--- WHAT YOU WILL DO ---
Exactly the lines from the beginning of the records to the line with "Tapered body with", both ends included, are to be given again, and pictures are to be left out.

(Records drawn from a dataset)
★ ★ ★ ★ ★

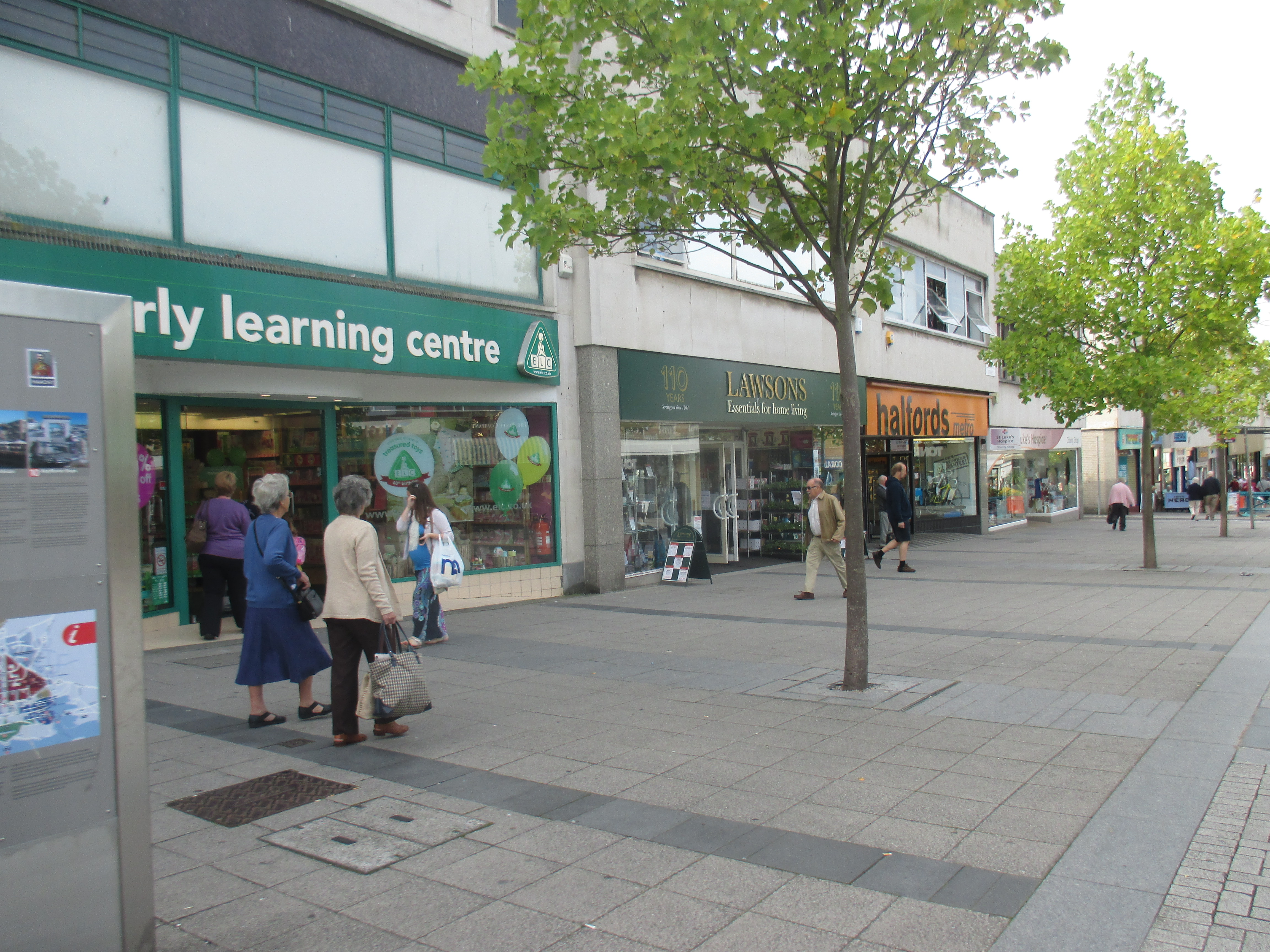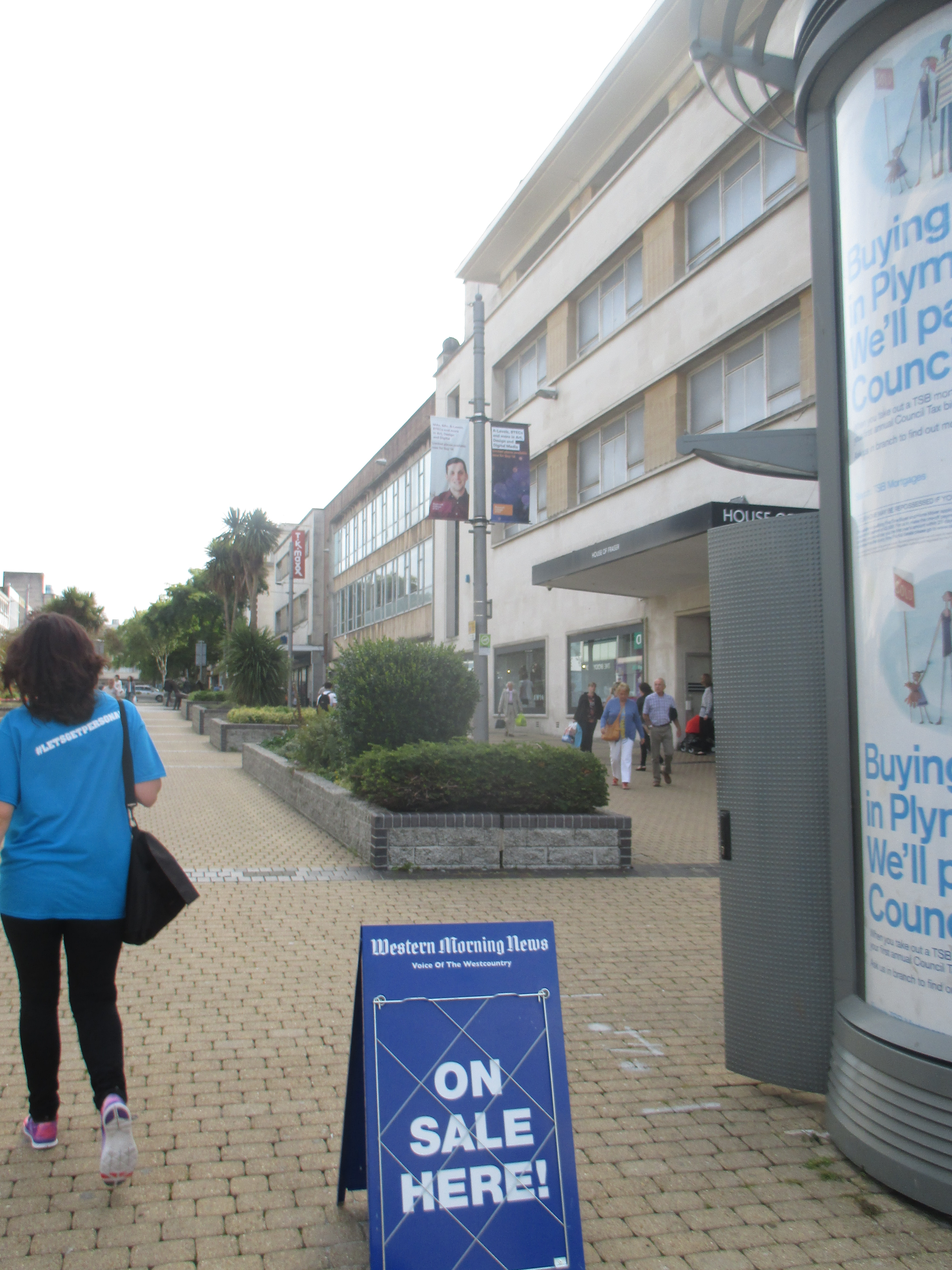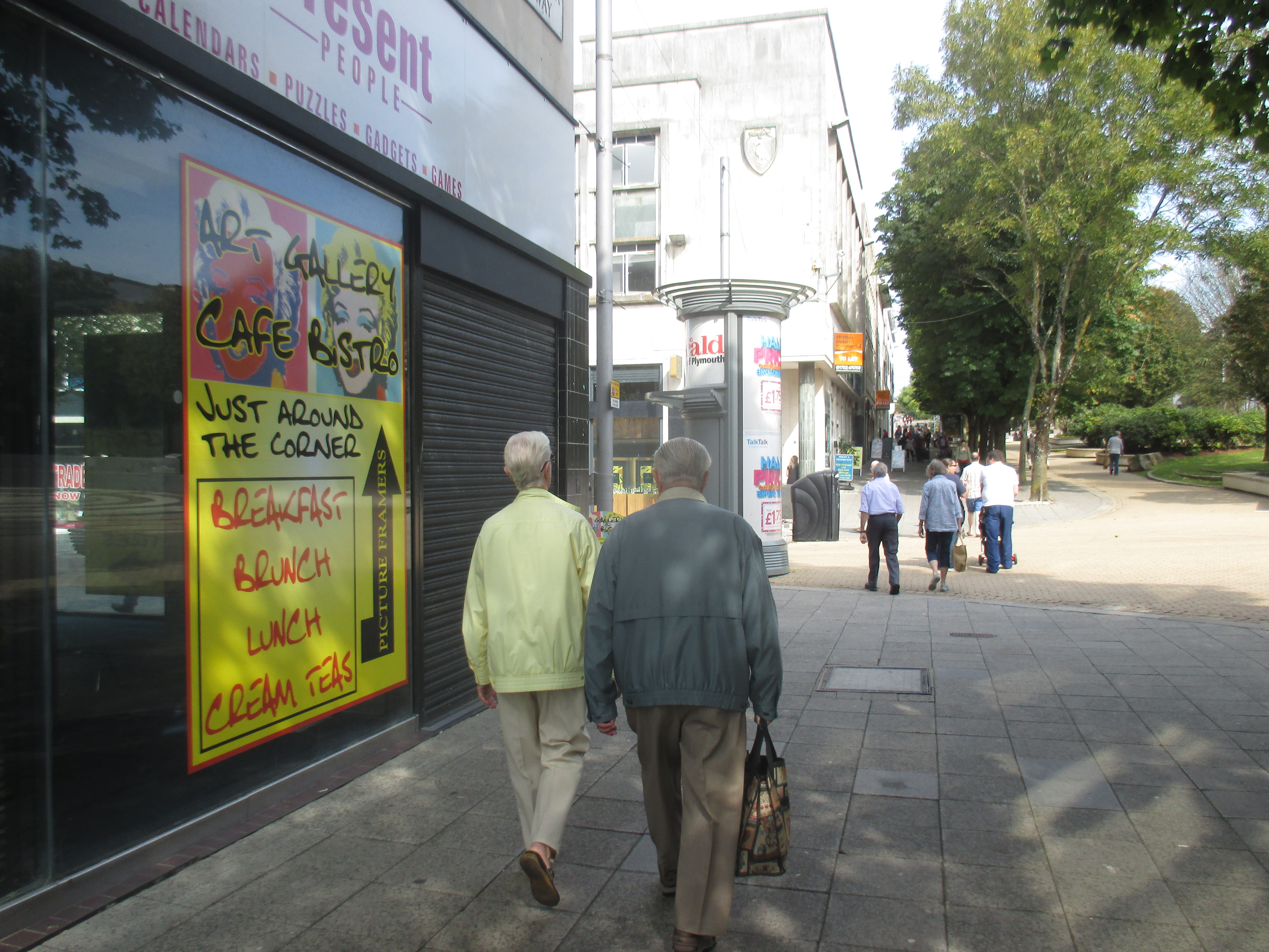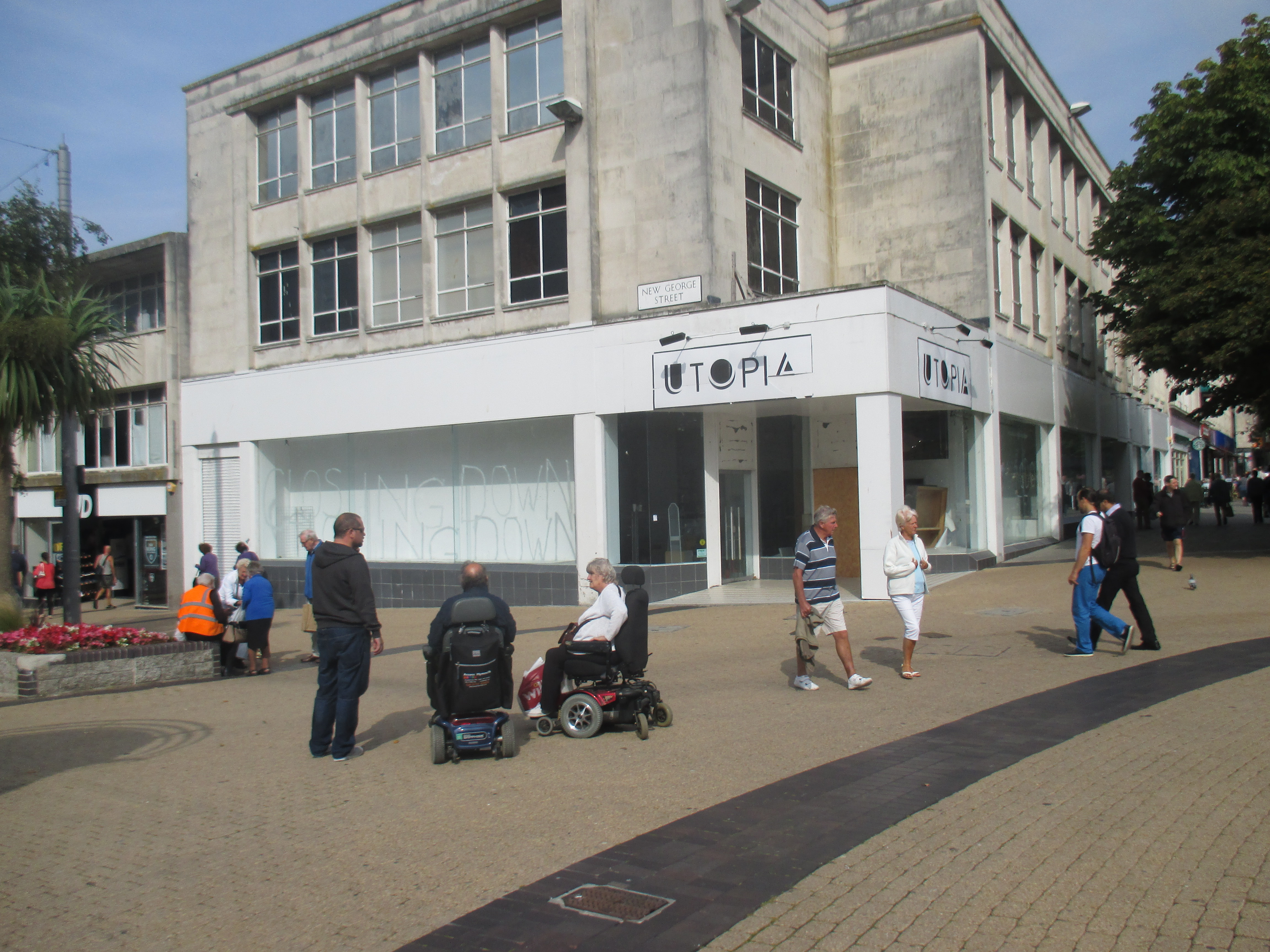 Plymouth would seem to be his success. Of course, the centre is full of chain stores, but neither they (nor their unpopularity) dominate the ambience. People instead are gathered to sit, talk to one another, observe the world. I can’t help feeling happy here among the bustle, wandering up and down the boulevards, losing track of where I am as I take a left here, a right there, as mood intuits. I stock up on supplies in Poundland, no doubt the liveliest store in town, before drifting back towards New George Street, where a place called utopia has just closed down.
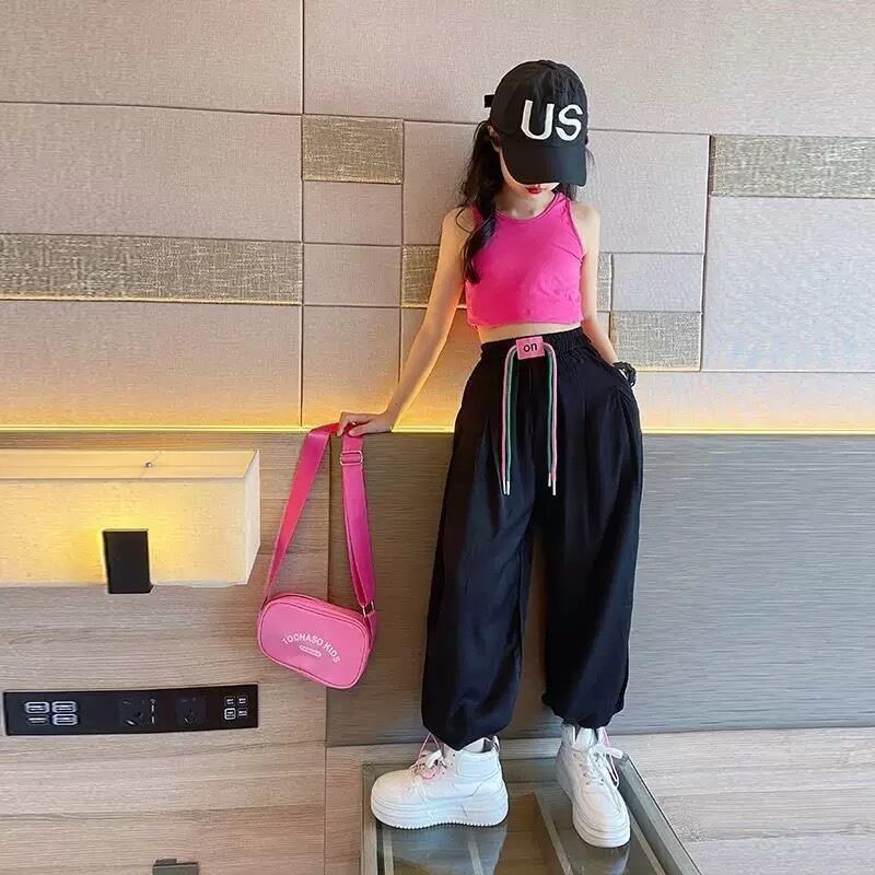 ✔ ロゴ入りTシャツ+タンクトップ+ゆるパンツのセットアイテム
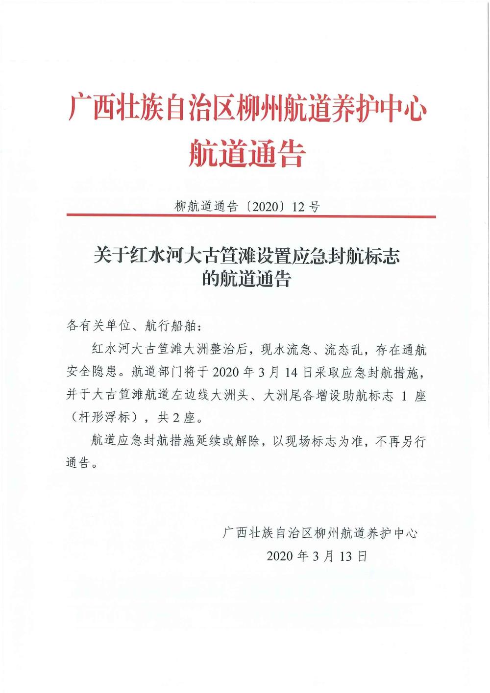 关于红水河大古笪滩应急封航的通告
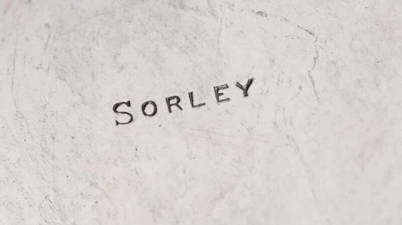 Tapered body with dome lid, from "M.J.M. /August 1927" engraved with Martin family crest and "hinc fortior et clarior."
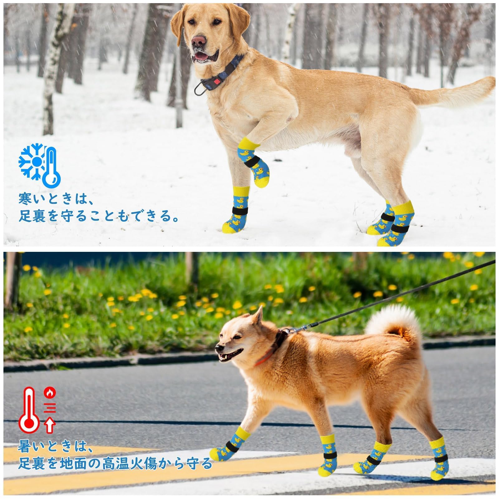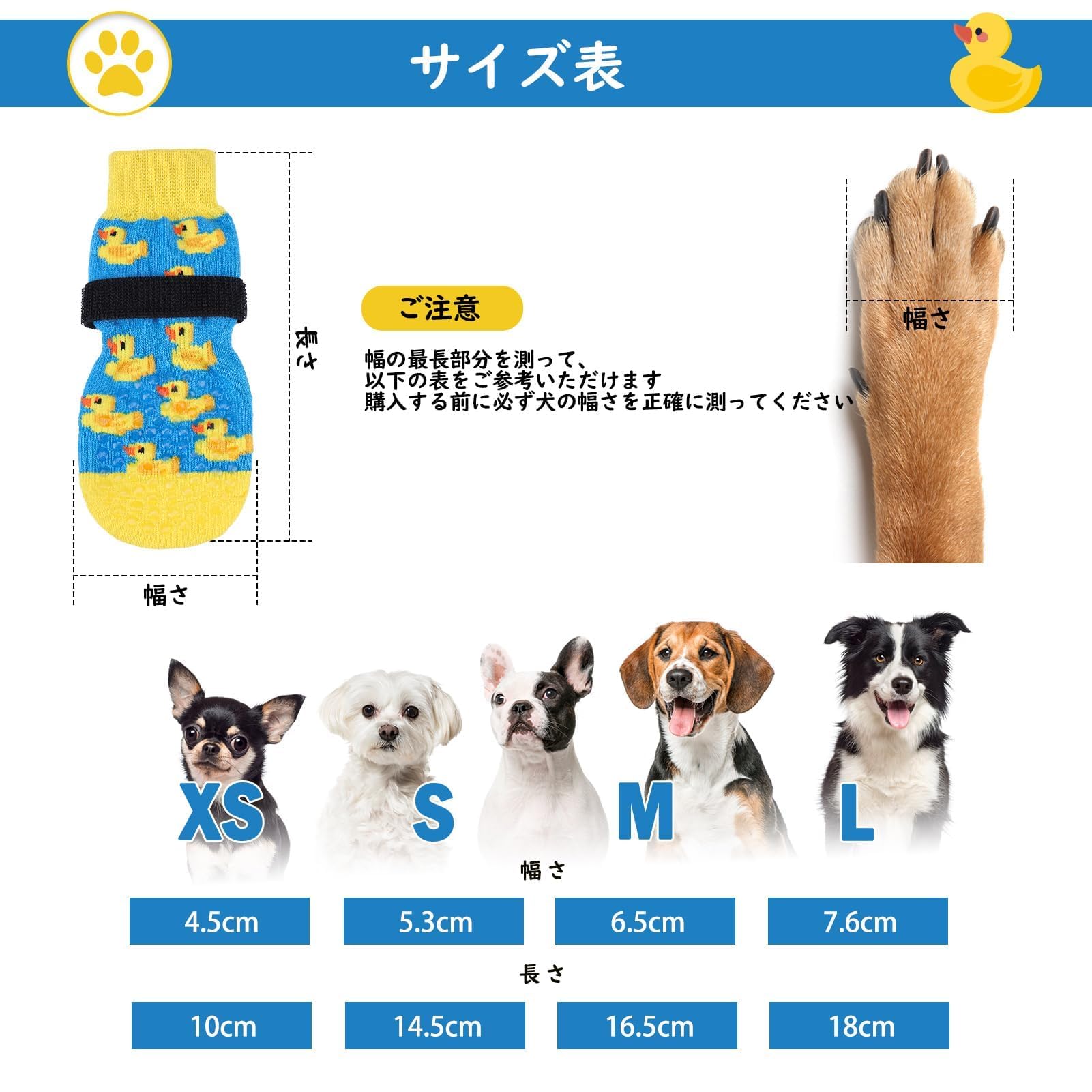 BINGPET 犬 靴下 ペット用靴下 滑り止め 4個セット 肉球保護 犬用靴下 防滑ソックス 柔らかい 脱げない かわいい 転倒防止 室内履き 通気性 老犬 介護サポート 足舐め防止 かわいい おしゃれ 小型犬 中型犬 大型犬 犬靴下 (ダック,XS)

★ ★ ★ ★ ★

--- WRITTEN SOLUTION ---
 Plymouth would seem to be his success. Of course, the centre is full of chain stores, but neither they (nor their unpopularity) dominate the ambience. People instead are gathered to sit, talk to one another, observe the world. I can’t help feeling happy here among the bustle, wandering up and down the boulevards, losing track of where I am as I take a left here, a right there, as mood intuits. I stock up on supplies in Poundland, no doubt the liveliest store in town, before drifting back towards New George Street, where a place called utopia has just closed down.
 ✔ ロゴ入りTシャツ+タンクトップ+ゆるパンツのセットアイテム
 关于红水河大古笪滩应急封航的通告
 Tapered body with dome lid, from "M.J.M. /August 1927" engraved with Martin family crest and "hinc fortior et clarior."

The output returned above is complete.